=== Data for review ===
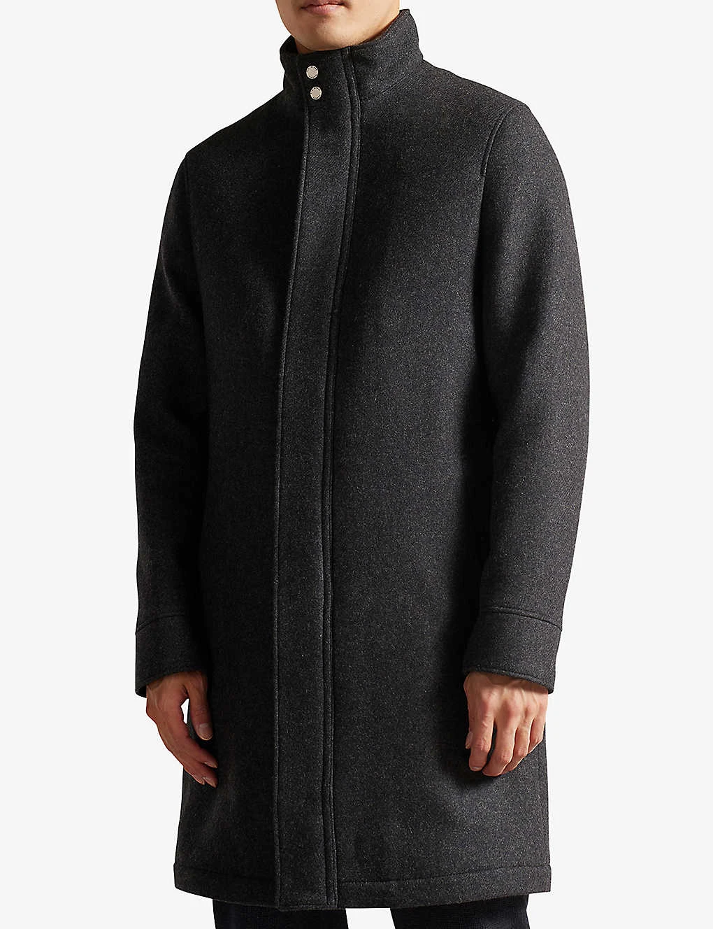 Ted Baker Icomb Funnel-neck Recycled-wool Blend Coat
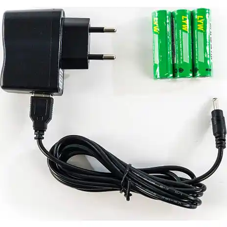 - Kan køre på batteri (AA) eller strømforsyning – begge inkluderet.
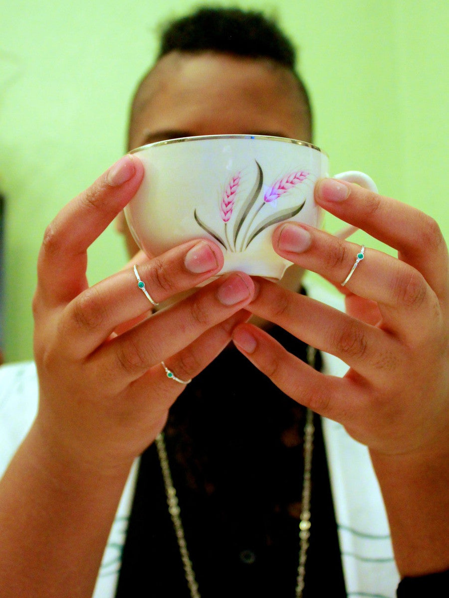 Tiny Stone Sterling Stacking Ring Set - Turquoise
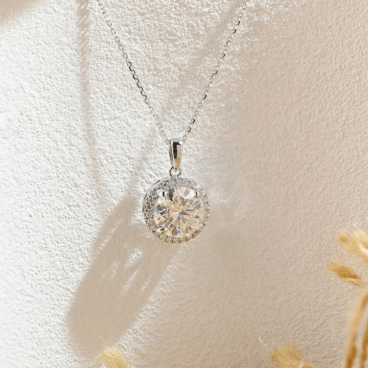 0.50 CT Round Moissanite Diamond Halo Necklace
===
=== Data for review ===
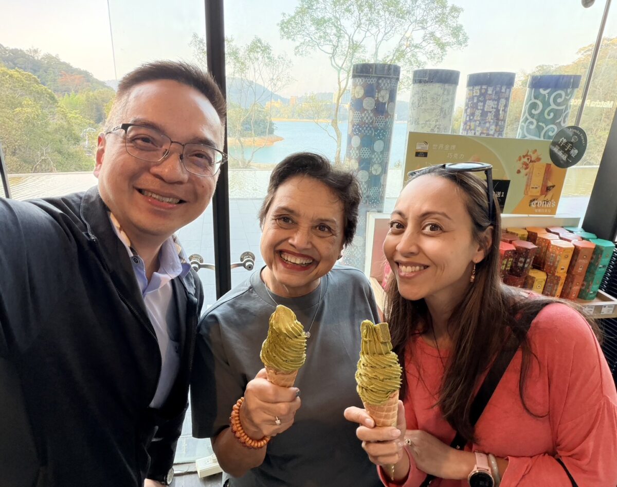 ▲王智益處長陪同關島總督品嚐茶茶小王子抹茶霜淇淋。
===
=== Data for review ===
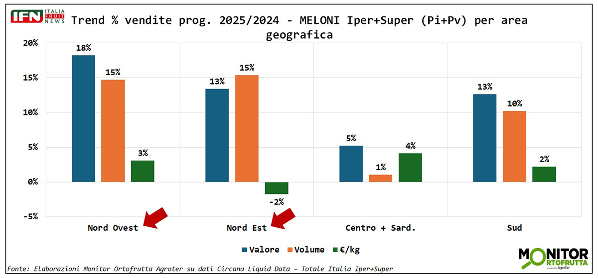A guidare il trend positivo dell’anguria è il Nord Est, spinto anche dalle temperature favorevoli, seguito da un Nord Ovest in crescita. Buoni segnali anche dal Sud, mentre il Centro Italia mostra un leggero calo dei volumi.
===
Your answer must be the exact lines from the records above, from the one containing "Tiny Stone Sterling" through the one containing "0.50 CT Round", both included, with every picture left out.

#### Response
 Tiny Stone Sterling Stacking Ring Set - Turquoise
 0.50 CT Round Moissanite Diamond Halo Necklace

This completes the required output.